▶ _Task objective_: In the records below, find the line containing "Перешедшие в общественное" and the line containing "Add a dash of". Give again exactly those lines and every line between them, omitting the pictures.

▶ _Records to process_:
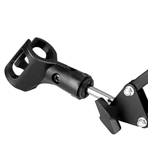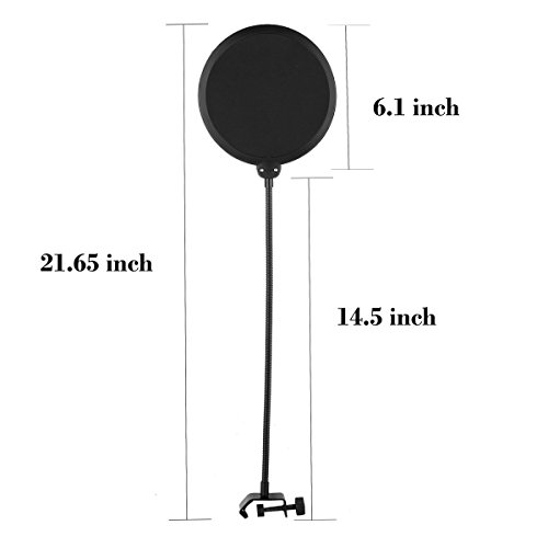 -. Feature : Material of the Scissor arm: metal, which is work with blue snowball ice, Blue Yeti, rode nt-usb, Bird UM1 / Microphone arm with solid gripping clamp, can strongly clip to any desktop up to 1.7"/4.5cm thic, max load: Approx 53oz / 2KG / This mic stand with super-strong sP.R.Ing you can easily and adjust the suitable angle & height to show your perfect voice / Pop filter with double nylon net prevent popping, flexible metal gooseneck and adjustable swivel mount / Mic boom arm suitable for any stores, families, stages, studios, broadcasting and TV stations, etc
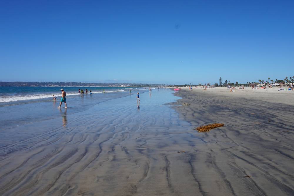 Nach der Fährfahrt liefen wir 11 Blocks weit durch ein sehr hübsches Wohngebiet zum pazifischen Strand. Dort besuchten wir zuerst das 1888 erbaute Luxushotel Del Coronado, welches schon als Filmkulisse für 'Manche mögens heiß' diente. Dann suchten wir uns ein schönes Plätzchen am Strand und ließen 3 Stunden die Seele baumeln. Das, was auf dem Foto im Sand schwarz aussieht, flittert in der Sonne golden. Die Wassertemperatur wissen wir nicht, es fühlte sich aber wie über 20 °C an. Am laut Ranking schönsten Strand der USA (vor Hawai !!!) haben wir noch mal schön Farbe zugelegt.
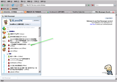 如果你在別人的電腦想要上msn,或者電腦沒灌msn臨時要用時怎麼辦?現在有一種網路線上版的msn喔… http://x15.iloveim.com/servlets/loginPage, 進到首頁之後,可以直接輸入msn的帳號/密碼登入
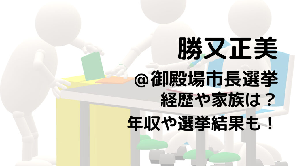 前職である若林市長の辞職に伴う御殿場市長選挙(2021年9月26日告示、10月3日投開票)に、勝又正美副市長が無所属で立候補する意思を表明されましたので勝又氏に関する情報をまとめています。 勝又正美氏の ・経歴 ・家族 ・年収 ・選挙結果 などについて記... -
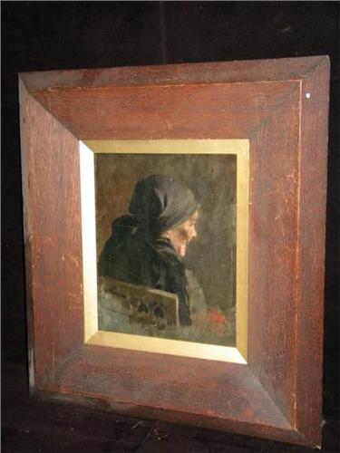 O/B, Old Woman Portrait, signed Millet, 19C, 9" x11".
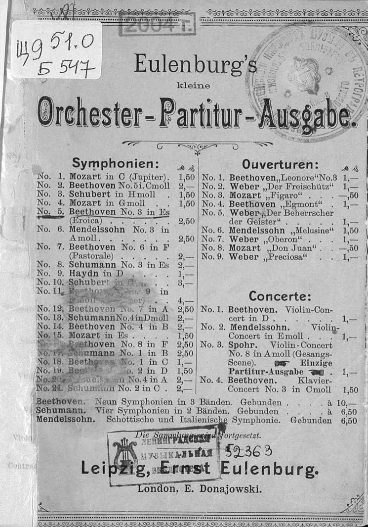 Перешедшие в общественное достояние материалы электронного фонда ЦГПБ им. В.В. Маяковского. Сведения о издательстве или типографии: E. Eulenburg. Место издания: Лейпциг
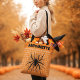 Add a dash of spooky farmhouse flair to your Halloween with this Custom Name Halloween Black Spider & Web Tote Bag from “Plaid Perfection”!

---

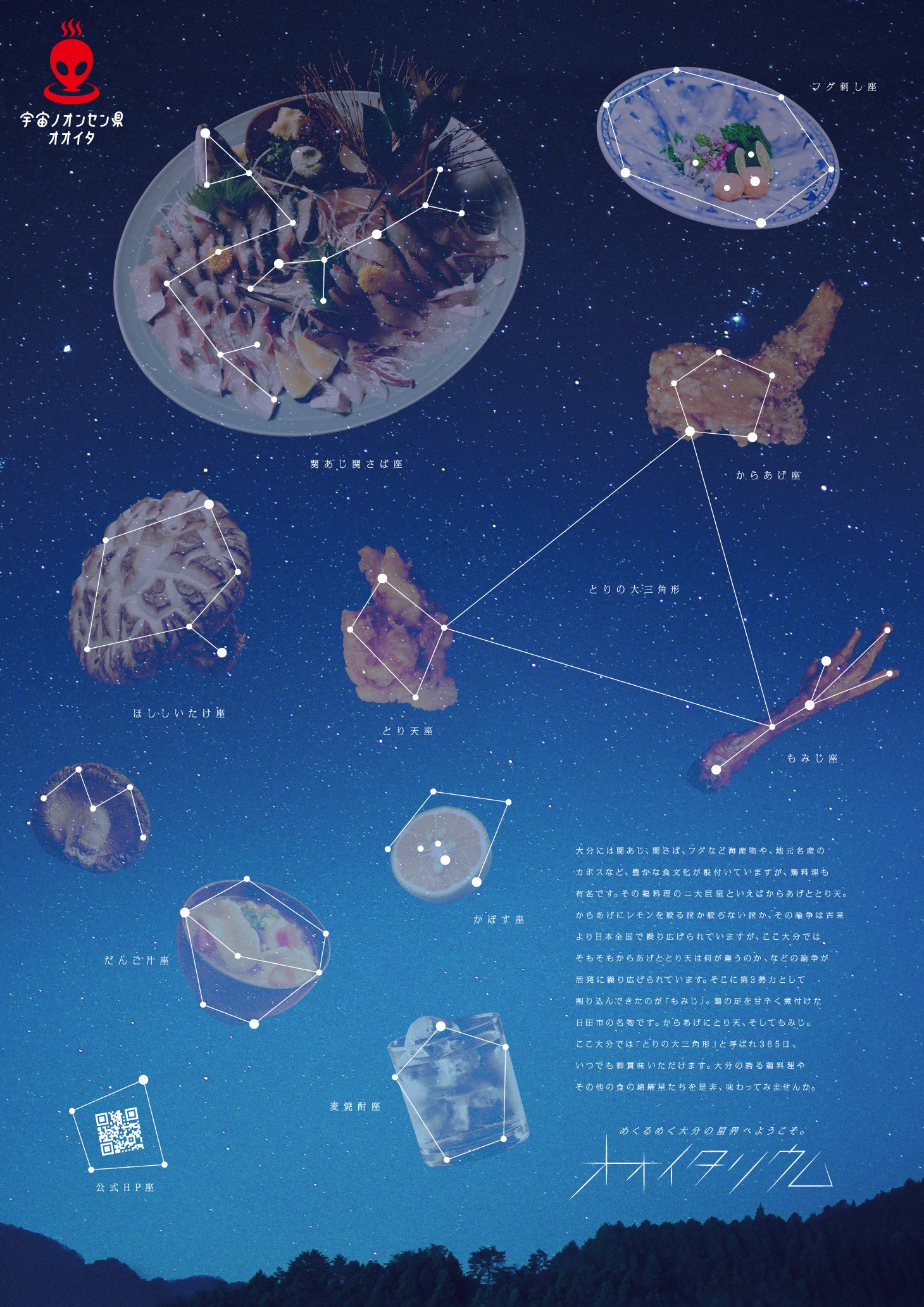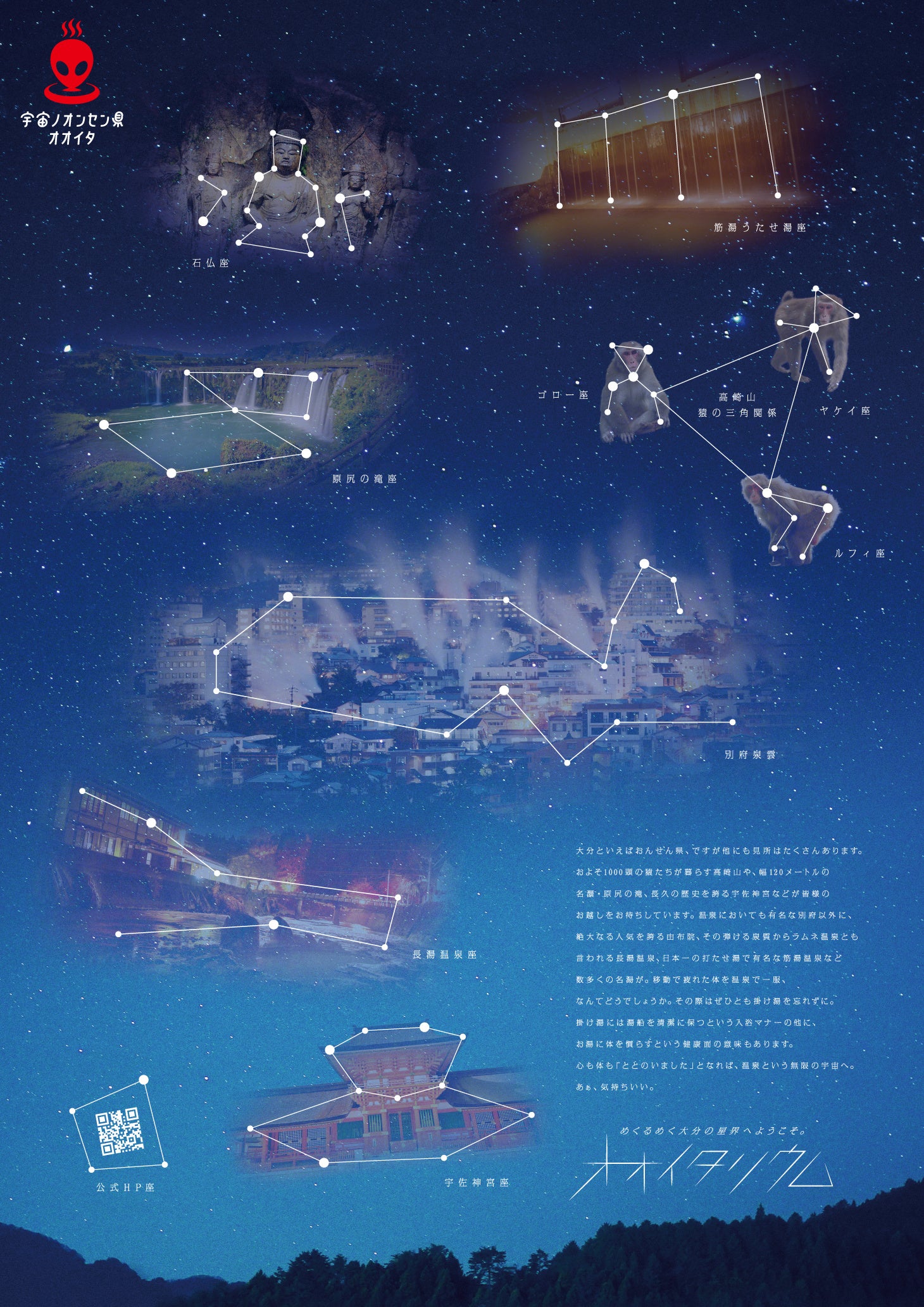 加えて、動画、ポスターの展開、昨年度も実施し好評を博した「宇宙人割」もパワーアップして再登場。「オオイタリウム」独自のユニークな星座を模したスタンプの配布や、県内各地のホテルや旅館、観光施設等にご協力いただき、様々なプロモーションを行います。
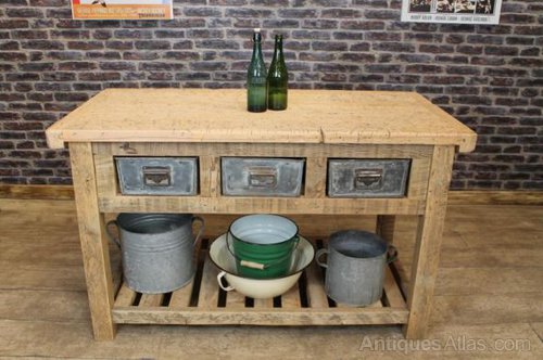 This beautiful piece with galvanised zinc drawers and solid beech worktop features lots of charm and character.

...

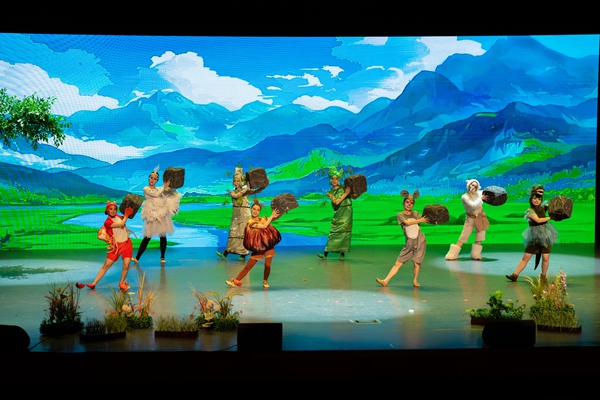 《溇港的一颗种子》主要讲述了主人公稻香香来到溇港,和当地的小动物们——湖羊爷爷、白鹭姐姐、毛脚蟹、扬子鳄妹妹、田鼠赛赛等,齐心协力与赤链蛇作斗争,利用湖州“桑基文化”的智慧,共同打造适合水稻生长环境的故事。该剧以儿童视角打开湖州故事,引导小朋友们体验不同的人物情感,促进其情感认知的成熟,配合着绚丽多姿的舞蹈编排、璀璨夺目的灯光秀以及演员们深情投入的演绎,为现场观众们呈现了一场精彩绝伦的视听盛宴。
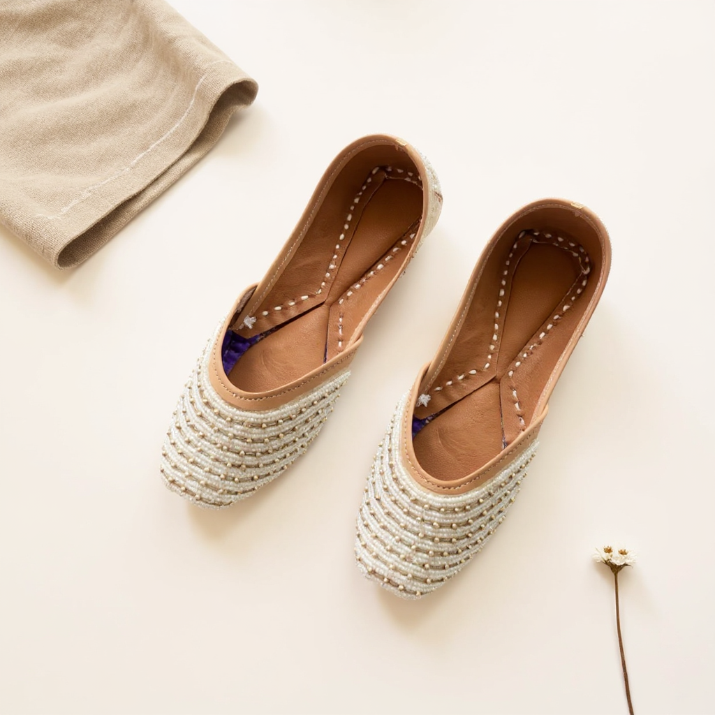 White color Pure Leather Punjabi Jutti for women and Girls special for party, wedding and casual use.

▶ _Task answer_:
 Перешедшие в общественное достояние материалы электронного фонда ЦГПБ им. В.В. Маяковского. Сведения о издательстве или типографии: E. Eulenburg. Место издания: Лейпциг
 Add a dash of spooky farmhouse flair to your Halloween with this Custom Name Halloween Black Spider & Web Tote Bag from “Plaid Perfection”!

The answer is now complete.